## WHAT IS EXPECTED
When you reach the line with "Navigate to the" in the listing below, transcribe it and each line after it up to and including the line with "Dokumen ini menjelaskan", exactly and with nothing else.

## DATA EXCERPTS
+-------+

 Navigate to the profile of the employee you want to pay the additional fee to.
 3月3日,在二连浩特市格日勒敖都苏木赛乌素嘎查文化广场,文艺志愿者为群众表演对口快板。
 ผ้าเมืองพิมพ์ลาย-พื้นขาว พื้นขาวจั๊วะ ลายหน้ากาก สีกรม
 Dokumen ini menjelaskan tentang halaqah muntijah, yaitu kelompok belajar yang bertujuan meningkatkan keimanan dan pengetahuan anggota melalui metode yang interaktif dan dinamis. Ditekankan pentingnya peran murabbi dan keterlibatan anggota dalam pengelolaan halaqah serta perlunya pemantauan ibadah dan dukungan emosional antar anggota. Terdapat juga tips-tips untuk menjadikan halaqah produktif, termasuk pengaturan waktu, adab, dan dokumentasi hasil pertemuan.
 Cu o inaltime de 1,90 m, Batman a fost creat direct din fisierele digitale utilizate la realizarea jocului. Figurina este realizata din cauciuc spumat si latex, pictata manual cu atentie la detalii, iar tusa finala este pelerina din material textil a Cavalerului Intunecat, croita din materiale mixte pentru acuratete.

+-------+

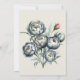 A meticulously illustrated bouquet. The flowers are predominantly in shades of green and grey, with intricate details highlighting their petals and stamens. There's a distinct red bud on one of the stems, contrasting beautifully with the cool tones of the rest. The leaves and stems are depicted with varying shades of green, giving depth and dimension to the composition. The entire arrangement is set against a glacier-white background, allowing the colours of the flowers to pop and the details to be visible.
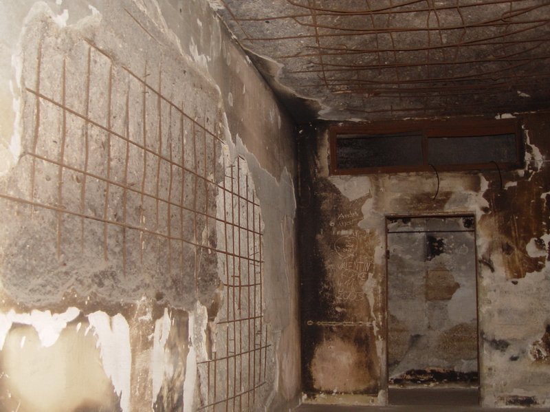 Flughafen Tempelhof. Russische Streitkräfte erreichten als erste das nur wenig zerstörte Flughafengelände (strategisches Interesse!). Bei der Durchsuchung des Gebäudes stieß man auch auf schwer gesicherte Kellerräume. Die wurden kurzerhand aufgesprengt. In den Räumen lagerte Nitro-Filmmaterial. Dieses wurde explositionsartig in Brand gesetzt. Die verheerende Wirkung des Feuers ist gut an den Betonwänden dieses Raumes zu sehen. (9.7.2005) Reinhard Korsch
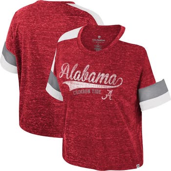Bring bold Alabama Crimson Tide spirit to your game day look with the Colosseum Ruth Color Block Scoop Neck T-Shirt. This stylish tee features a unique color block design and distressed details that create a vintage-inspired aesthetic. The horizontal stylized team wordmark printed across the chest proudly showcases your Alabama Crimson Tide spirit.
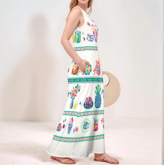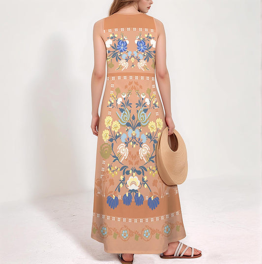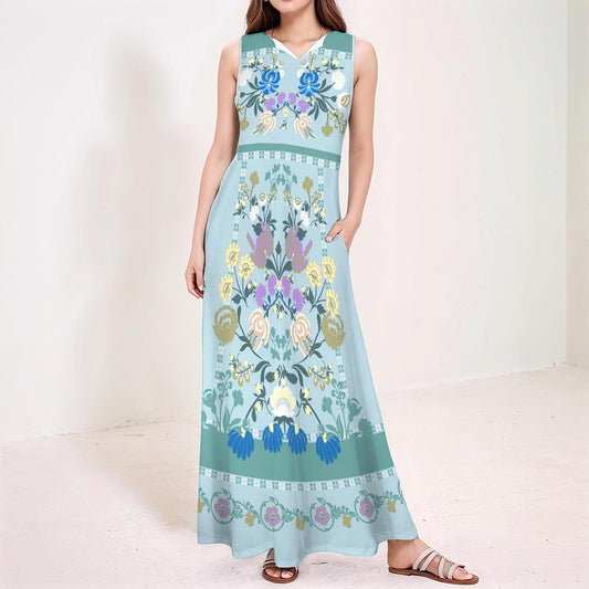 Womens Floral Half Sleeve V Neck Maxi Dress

+-------+

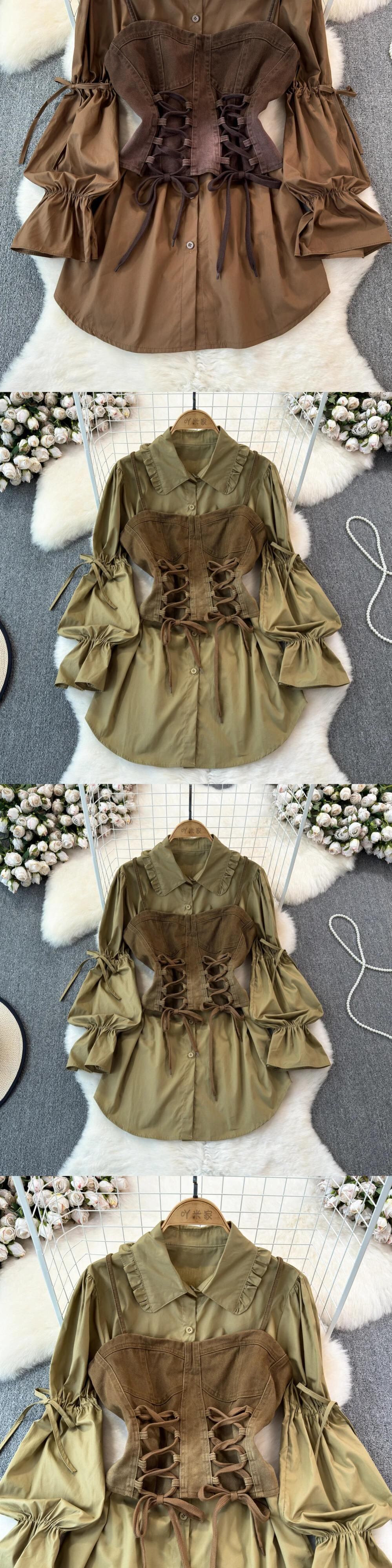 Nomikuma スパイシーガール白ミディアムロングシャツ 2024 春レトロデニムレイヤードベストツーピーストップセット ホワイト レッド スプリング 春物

+-------+

## RESPONSE TO THE EXERCISE
 Navigate to the profile of the employee you want to pay the additional fee to.
 3月3日,在二连浩特市格日勒敖都苏木赛乌素嘎查文化广场,文艺志愿者为群众表演对口快板。
 ผ้าเมืองพิมพ์ลาย-พื้นขาว พื้นขาวจั๊วะ ลายหน้ากาก สีกรม
 Dokumen ini menjelaskan tentang halaqah muntijah, yaitu kelompok belajar yang bertujuan meningkatkan keimanan dan pengetahuan anggota melalui metode yang interaktif dan dinamis. Ditekankan pentingnya peran murabbi dan keterlibatan anggota dalam pengelolaan halaqah serta perlunya pemantauan ibadah dan dukungan emosional antar anggota. Terdapat juga tips-tips untuk menjadikan halaqah produktif, termasuk pengaturan waktu, adab, dan dokumentasi hasil pertemuan.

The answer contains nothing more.